This is the untold story of why America is so culturally and politically divided.

America may be more diverse than ever coast to coast, but the places where we live are becoming increasingly crowded with people who live, think, and vote like we do. This social transformation didn't happen by accident. We've built a country where we can all choose the neighborhood and church and news show — most compatible with our lifestyle and beliefs. And we are living with the consequences of this way-of-life segregation. Our country has become so polarized, so ideologically inbred, that people don't know and can't understand those who live just a few miles away. The reason for this situation, and the dire implications for our country, is the subject of this ground-breaking work.

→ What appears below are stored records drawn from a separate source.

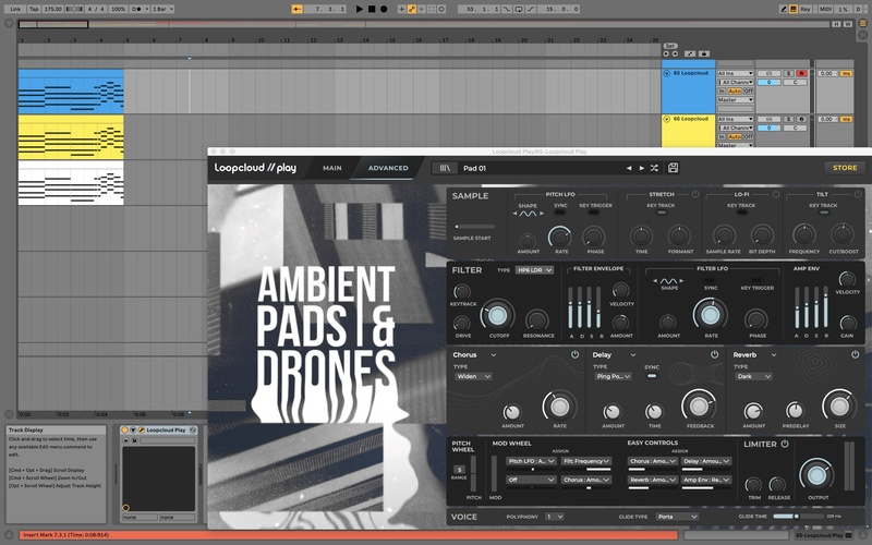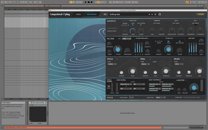 4. The Loopcloud PLAY sounds are designed by professional sound designers, so you could use an evolving type pad straight out of the box. But to make them more your own you can automate multiple parameters within the VST to slowly change over time; the filter cutoff, LFO’s, and more, will give you a nice bubbling, undulating, and often changing bed, automated to your own taste, making a strong starting point for a track.
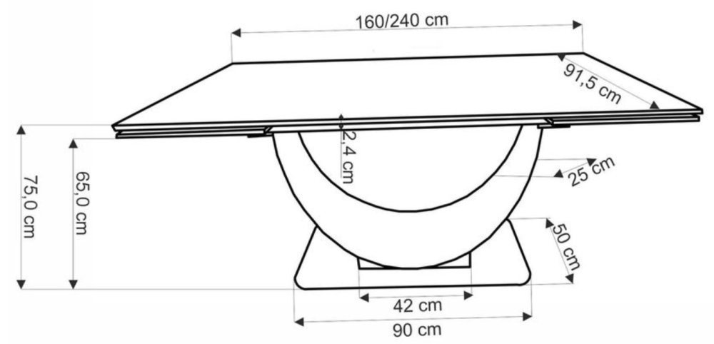 Kombinace designového základu s elegantní bílou mramorovou deskou s béžovými vsadkami dodává celku jedinečný charakter. Jednou z hlavních výhod tohoto stolu je jeho funkčnost. Možnost rozložení desky stolu umožňuje zvětšit užitnou plochu, což umožňuje pohodlně usadit více osob u stolu. To je perfektní řešení jak pro rodinné obědy, tak pro setkání s přáteli.
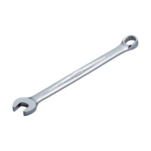 スパナのスピードとめがねレンチの強さを兼ね備えています。仮締めをスパナ側で、本締めはめがね側で行える1丁2役の機能工具です。めがね部の柄の曲がり角度15°です。グッドデザイン賞受賞品です。 |
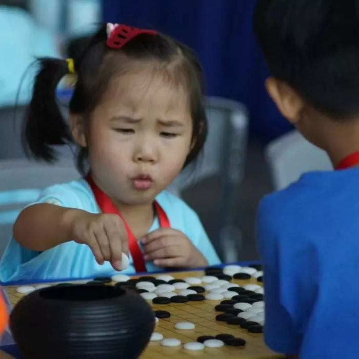 照片中的小棋手年岁不大,可她盯着对手的眼神,就算是词汇丰富无比的文学大师,一时半会间恐怕也很难用简单的字词准确形容出来。
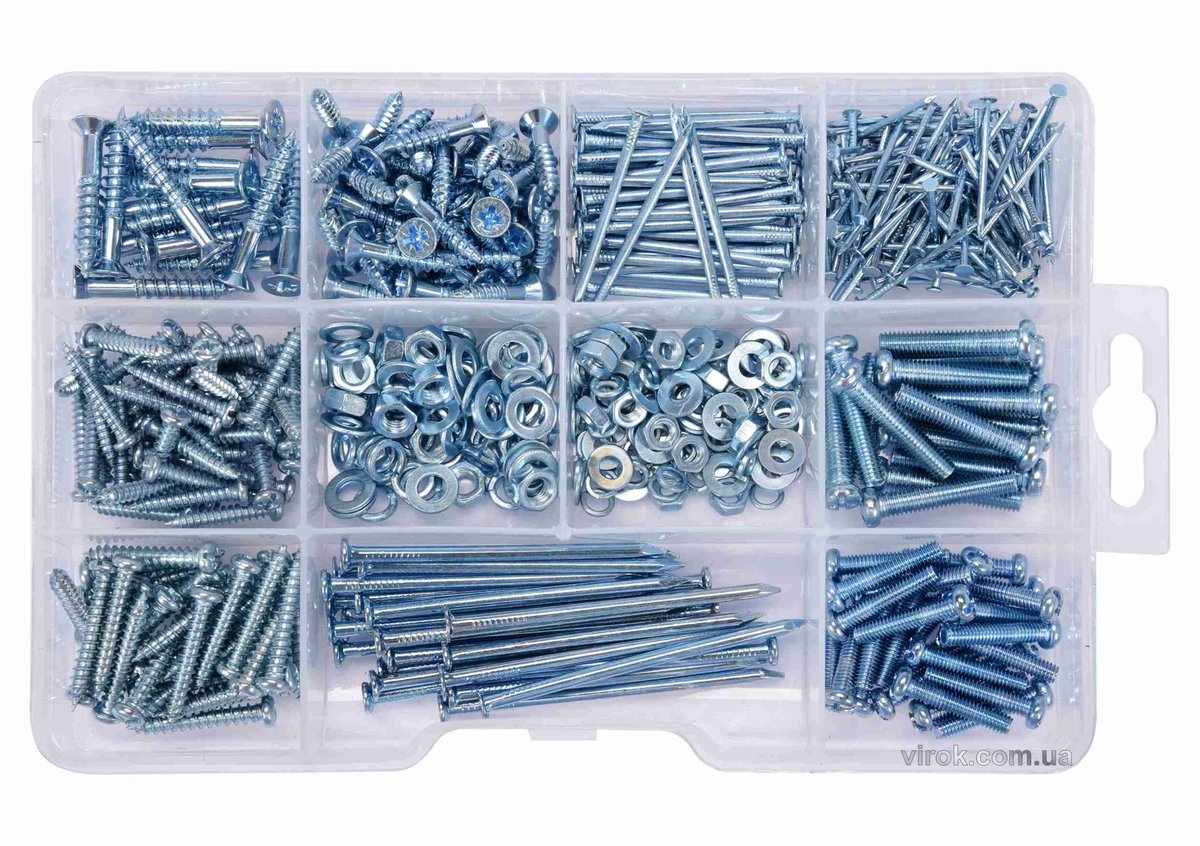Шурупи, цвяхи, шайби і гайки VOREL, набір 580 шт. [6/24]
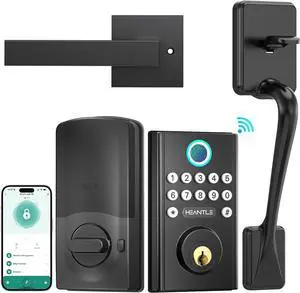WiFi Front Door Lock with Handle HEANTLE Keyless Smart Lock Set Entry Door Locks Keypad Fingerprint Deadbolt Handleset Alexa Compatible Auto Lock App Remote Control
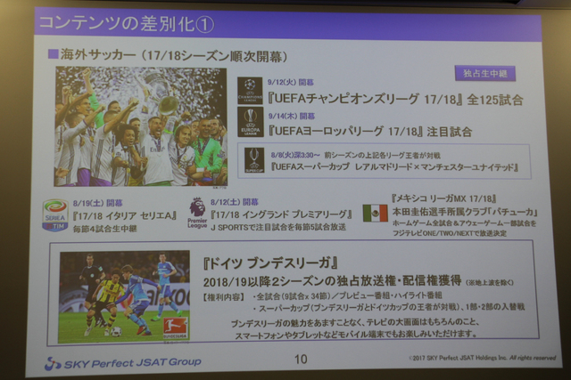 具体的なコンテンツについても紹介。海外サッカーについては、「UEFAチャンピオンズリーグ17/18」などの独占生中継に加えて、「ドイツ ブンデスリーガ」の2018/19以降の2シーズンの独占放送権・配信権(地上波除く)を獲得したことを紹介。本田圭佑が移籍した「メキシコ リーガMX」の17/18シーズンもフジテレビONE/TWO/NEXTで放送されるなど、海外で活躍する日本人プレーヤーを積極的に取り上げていくとした。
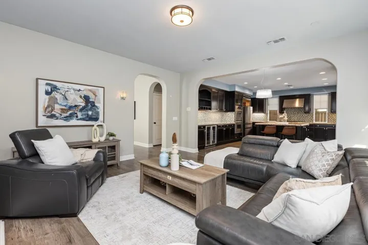 Nestled in the heart of Del Sur, this Plan 2 home is a short walk to community parks, hiking trails and top-rated Poway schools, on a quiet, level, family-friendly street. The entry opens to vaulted ceilings, a cozy office and an outdoor seating area with built-in fireplace, ideal for summer BBQs. The kitchen and living room form an inviting great room with a large island and bar seating. Upstairs are 4 spacious bedrooms, including an east-facing primary suite, plus low-maintenance turf yard and owned solar. It won’t last long.
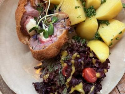 150g Králičí hřbetní řízek, bramborová kaše, kyselý okurek

In 2004, journalist Bill Bishop made national news in a series of articles when he first described "the big sort." Armed with original and startling demographic data, he showed how Americans have been sorting themselves over the past three decades into homogeneous communities — not at the regional level, or the red-state/blue-state level, but at the micro level of city and neighborhood. In The Big Sort Bishop deepens his analysis in a brilliantly reported book that makes its case from the ground up, starting with stories about how we live today, and then drawing on history, economics, and our changing political landscape to create one of the most compelling big-picture accounts of America in recent memory.

The Big Sort will draw comparisons to Robert Putam's Bowling Alone and Richard Florida's The Rise of the Creative Class and will redefine the way Americans think about themselves for decades to come.